[Records excerpted from a collection]
• • • • •

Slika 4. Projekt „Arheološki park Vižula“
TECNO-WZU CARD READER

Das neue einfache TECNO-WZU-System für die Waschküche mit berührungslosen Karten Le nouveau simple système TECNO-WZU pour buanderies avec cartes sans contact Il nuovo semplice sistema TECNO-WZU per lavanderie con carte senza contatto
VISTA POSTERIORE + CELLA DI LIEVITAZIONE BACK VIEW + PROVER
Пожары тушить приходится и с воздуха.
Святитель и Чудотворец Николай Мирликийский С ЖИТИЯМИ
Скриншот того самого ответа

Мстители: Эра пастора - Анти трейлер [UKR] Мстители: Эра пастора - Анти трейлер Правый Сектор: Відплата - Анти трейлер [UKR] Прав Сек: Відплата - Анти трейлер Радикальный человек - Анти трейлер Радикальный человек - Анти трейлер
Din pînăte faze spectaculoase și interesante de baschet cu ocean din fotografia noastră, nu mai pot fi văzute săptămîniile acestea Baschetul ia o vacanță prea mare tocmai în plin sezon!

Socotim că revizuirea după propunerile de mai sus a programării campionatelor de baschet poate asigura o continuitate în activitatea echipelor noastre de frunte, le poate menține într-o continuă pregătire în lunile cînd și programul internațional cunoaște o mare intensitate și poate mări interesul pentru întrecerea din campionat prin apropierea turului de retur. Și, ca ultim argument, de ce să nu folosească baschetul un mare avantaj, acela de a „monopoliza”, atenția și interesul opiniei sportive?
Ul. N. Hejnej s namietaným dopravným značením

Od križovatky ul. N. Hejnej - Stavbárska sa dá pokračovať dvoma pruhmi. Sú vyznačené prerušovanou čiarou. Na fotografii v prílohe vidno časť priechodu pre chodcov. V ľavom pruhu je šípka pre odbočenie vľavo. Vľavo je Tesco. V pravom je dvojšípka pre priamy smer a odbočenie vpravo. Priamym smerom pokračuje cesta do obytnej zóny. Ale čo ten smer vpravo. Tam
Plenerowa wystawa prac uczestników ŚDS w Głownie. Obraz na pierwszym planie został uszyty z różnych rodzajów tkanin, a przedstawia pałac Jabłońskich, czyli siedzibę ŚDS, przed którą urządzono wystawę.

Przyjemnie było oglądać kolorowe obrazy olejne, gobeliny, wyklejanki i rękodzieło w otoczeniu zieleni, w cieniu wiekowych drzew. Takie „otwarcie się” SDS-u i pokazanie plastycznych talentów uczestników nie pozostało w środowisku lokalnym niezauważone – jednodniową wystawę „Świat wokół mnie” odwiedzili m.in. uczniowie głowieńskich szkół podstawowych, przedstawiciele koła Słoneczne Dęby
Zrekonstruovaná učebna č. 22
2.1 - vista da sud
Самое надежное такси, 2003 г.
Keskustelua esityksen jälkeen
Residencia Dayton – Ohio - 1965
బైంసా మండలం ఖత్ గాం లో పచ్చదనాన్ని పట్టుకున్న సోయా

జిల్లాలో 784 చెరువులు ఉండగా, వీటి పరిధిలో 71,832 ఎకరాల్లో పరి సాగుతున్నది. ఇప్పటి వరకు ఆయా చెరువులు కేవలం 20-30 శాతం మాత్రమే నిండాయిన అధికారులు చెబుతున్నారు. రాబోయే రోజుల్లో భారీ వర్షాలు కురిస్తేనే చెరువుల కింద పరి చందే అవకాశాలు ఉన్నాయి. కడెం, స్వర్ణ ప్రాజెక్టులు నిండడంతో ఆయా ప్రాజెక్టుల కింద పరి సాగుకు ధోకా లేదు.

• • • • •

WHAT TO DO - Restate the data word for word. Begin at its first line, end at the line that contains "Das neue einfache", and include both.

ANSWER TO THE EXERCISE -
Slika 4. Projekt „Arheološki park Vižula“
TECNO-WZU CARD READER

Das neue einfache TECNO-WZU-System für die Waschküche mit berührungslosen Karten Le nouveau simple système TECNO-WZU pour buanderies avec cartes sans contact Il nuovo semplice sistema TECNO-WZU per lavanderie con carte senza contatto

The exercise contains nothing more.